■ Task data:
━━━━━━━━━━━━━━━━━━━━━━━━━━━━━━
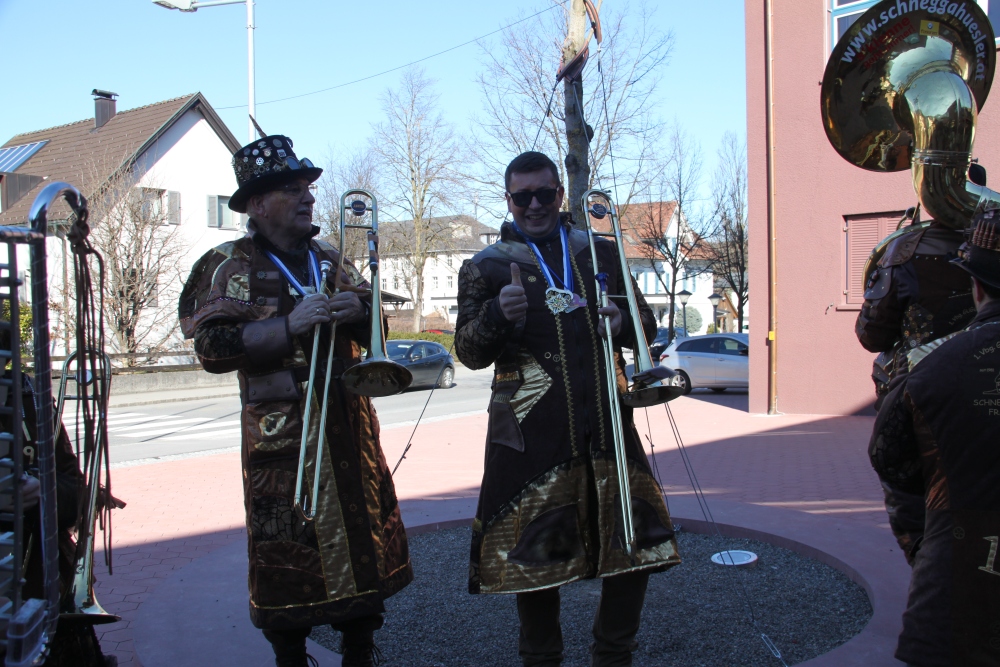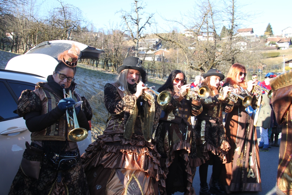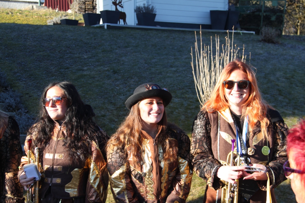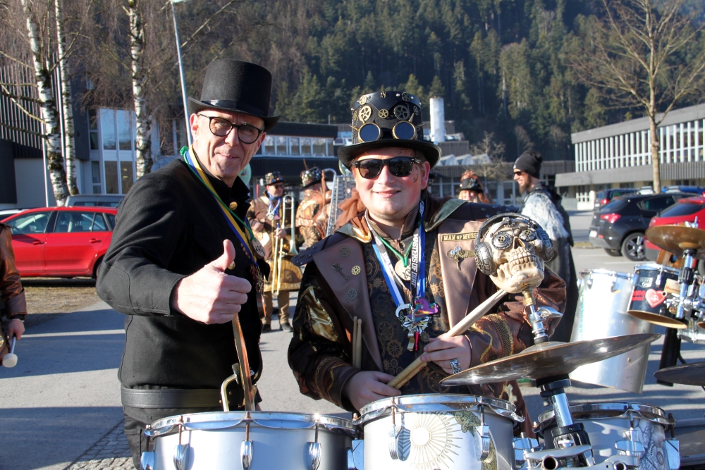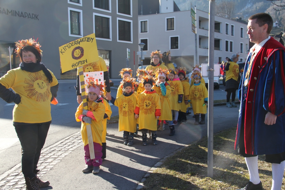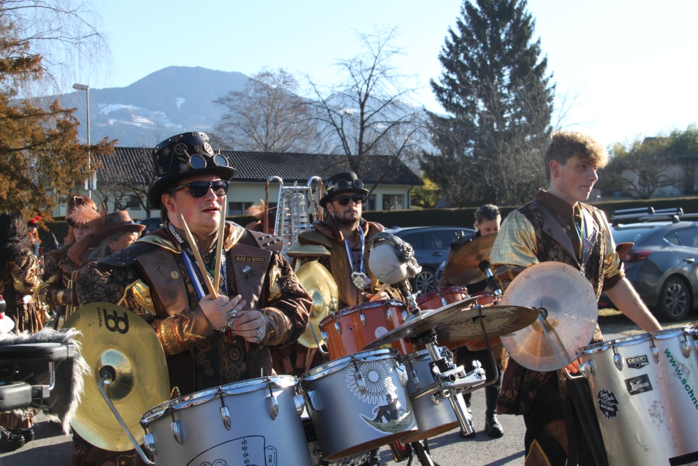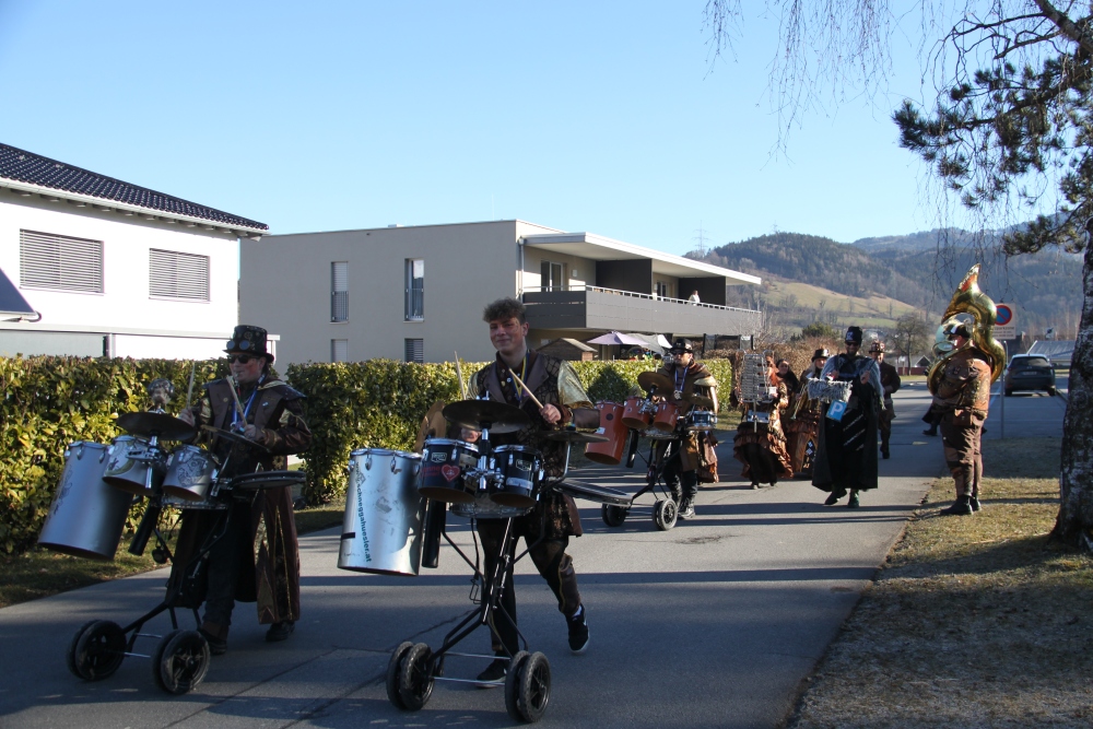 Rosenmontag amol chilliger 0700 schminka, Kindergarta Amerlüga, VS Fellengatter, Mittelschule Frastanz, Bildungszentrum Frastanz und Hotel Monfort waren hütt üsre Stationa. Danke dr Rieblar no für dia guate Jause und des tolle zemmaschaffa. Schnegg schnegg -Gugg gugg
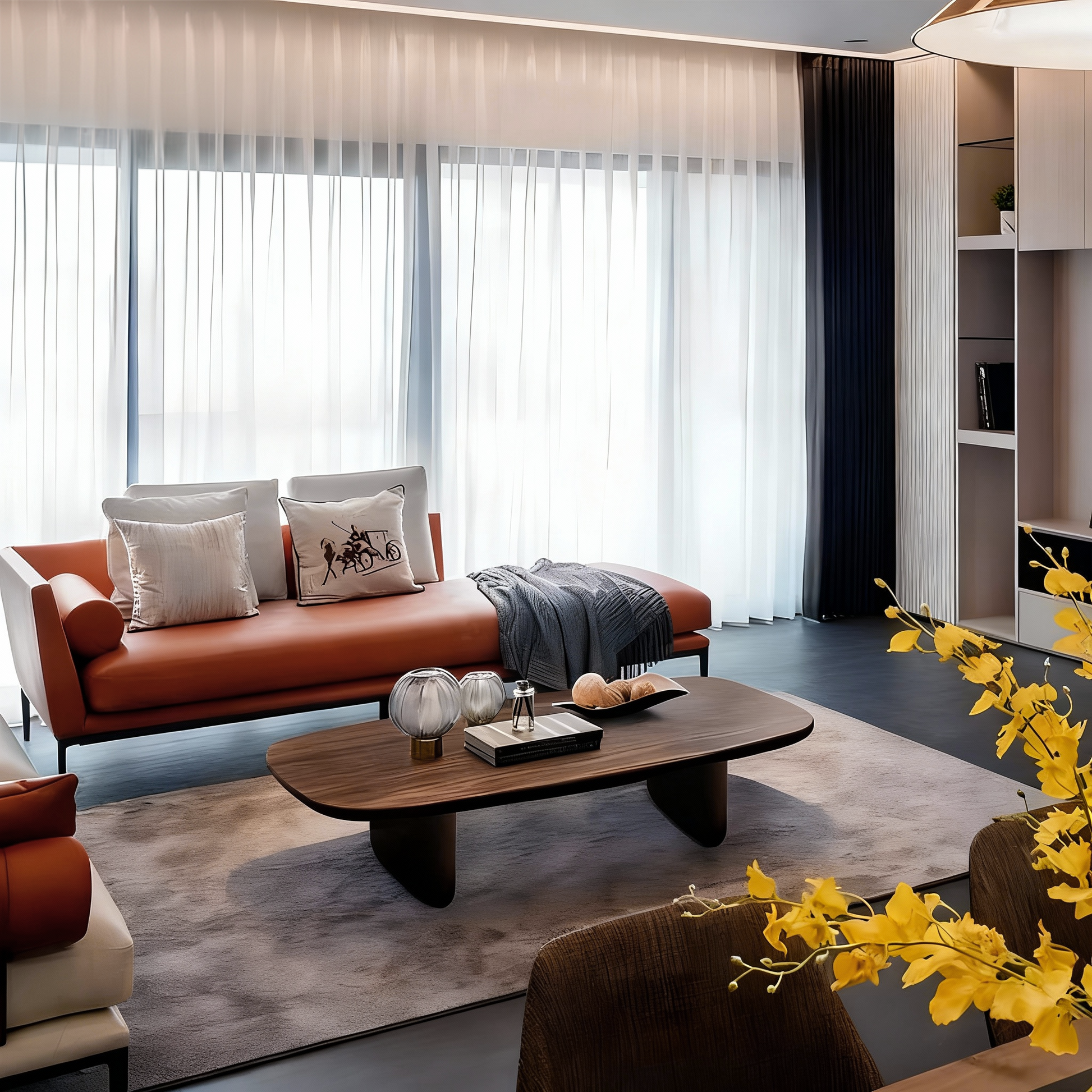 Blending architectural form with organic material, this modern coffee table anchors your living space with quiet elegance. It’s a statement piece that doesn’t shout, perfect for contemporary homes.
━━━━━━━━━━━━━━━━━━━━━━━━━━━━━━
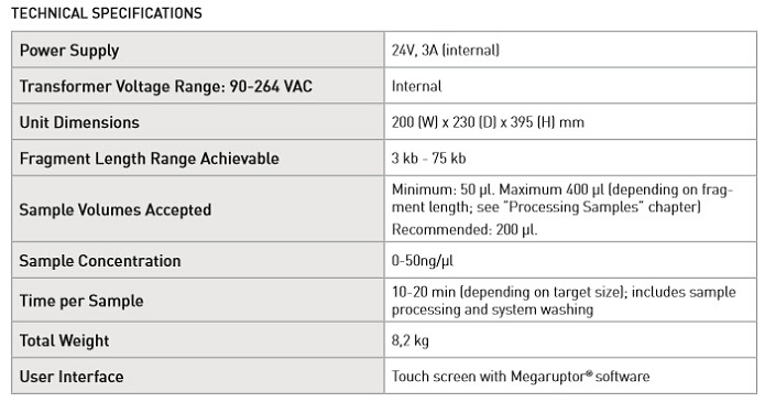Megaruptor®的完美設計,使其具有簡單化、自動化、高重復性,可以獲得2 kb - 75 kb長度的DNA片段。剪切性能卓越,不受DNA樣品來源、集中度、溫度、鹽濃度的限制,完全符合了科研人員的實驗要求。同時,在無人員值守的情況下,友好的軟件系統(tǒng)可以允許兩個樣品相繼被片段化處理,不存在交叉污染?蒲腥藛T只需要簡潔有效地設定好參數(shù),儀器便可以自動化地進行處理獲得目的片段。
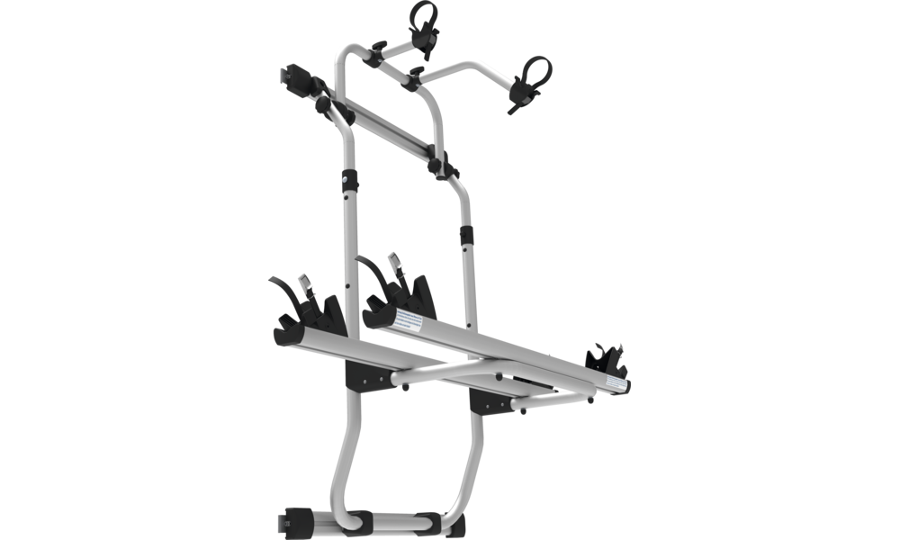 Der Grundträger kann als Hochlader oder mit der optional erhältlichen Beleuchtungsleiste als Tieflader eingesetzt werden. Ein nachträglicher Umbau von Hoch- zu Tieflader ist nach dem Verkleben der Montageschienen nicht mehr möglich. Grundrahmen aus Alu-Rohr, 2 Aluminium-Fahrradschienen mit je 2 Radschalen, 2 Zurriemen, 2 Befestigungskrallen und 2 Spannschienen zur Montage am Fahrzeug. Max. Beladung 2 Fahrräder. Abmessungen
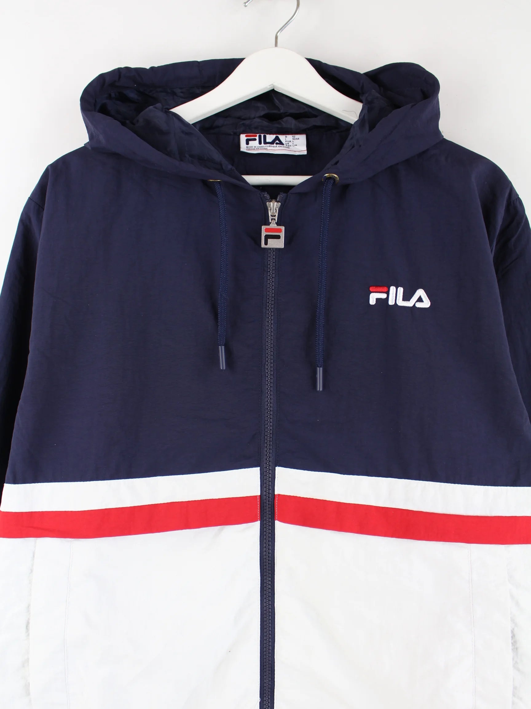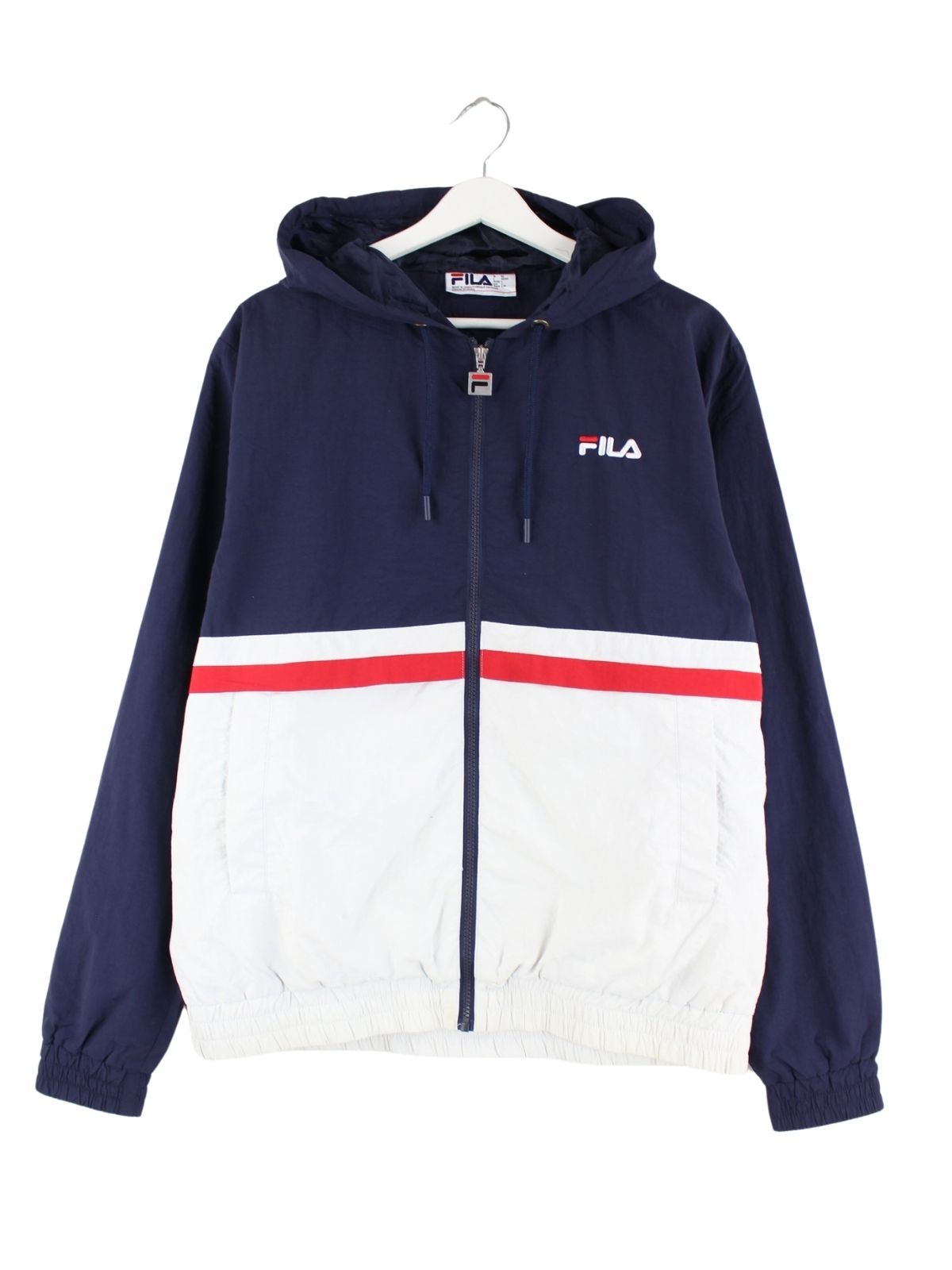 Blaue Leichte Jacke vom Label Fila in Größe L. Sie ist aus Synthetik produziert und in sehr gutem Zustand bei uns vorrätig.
━━━━━━━━━━━━━━━━━━━━━━━━━━━━━━
■ To do:
Look above for the line with "Der Grundträger kann" and the line with "Blaue Leichte Jacke". Copy them and every line between, exactly, but no pictures.

■ Result of the exercise:
 Der Grundträger kann als Hochlader oder mit der optional erhältlichen Beleuchtungsleiste als Tieflader eingesetzt werden. Ein nachträglicher Umbau von Hoch- zu Tieflader ist nach dem Verkleben der Montageschienen nicht mehr möglich. Grundrahmen aus Alu-Rohr, 2 Aluminium-Fahrradschienen mit je 2 Radschalen, 2 Zurriemen, 2 Befestigungskrallen und 2 Spannschienen zur Montage am Fahrzeug. Max. Beladung 2 Fahrräder. Abmessungen
 Blaue Leichte Jacke vom Label Fila in Größe L. Sie ist aus Synthetik produziert und in sehr gutem Zustand bei uns vorrätig.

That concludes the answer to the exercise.